While helpful for raising finance for large, highly leveraged investments, project finance comes at a cost. Interest rates for project-finance debt are more expensive than government borrowing, and often more expensive than borrowing by established companies. The transaction cost-setting up the contractual structure, and carrying out adequate due diligence-can make it unattractive for smaller deals. For this reason, many smaller PPP projects adapt the non-recourse project finance structure, to achieve greater contractual flexibility, or lower the financing cost.
One option is for project shareholders to back up the project company by providing a corporate guarantee to the lender, for repayment for all or part of the project debt. Box 1.8: Examples of Project Finance Structure with Corporate Guarantees provides examples.

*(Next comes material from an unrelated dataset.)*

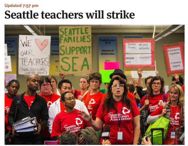 Despite going to school today and getting her schedule and her photo taken, Celeste will not start school tomorrow as planned. The Seattle teachers voted to strike, the first time in 30 years (when they were out for 3 weeks). Meanwhile, today was the first day of school at PSCS. It was quite normal, even with 53 students and 9 staff packed into our space.

Box 1.8: Examples of Project Finance Structure with Corporate Guarantees In some cases, a project company may be unable to raise finance on a non-recourse basis. One option is for a major project shareholder to provide a partial or full guarantee on the project debt. For example: • In 1997, a concession for the eastern section of metro Manila was awarded to the Manila Water Company, a consortium led by the Ayala Corporation of the Philippines, with interests from United Utilities, Bechtel, and the Mitsubishi Corporation. In the wake of the Asian Financial Crisis, the Manila Water Company was unable to raise debt to finance investments on a non-recourse project finance-basis, so Ayala provided a corporate guarantee to back up the project company • In 1992, an oil pipeline in Colombia was being developed as a joint-venture between the national oil company and international oil companies with the IFC as the main lender. At the time, the IFC was concerned about possible guerilla attacks and the project stalled. To move forward, the shareholders provided a full loan guarantee on the project. Sources: Esguerra, J. (2003) The Corporate Muddle of Manila's Water Concessions, New York , USA: WaterAid and Tearfund, page 19; International Finance Corporation, Project Finance in Developing Countries (Lessons of Experience Number 7), Washington, DC, Box 5.7, page 68 |
Another alternative to lower the cost of finance for a PPP is for the government to participate in the finance structure, as described in Section: 1.4.3: The Role of Public Finance in PPPs. The government-or a government-owned financial institution-could provide finance as a lender to the project company, or could provide a guarantee to some or all of the project debt.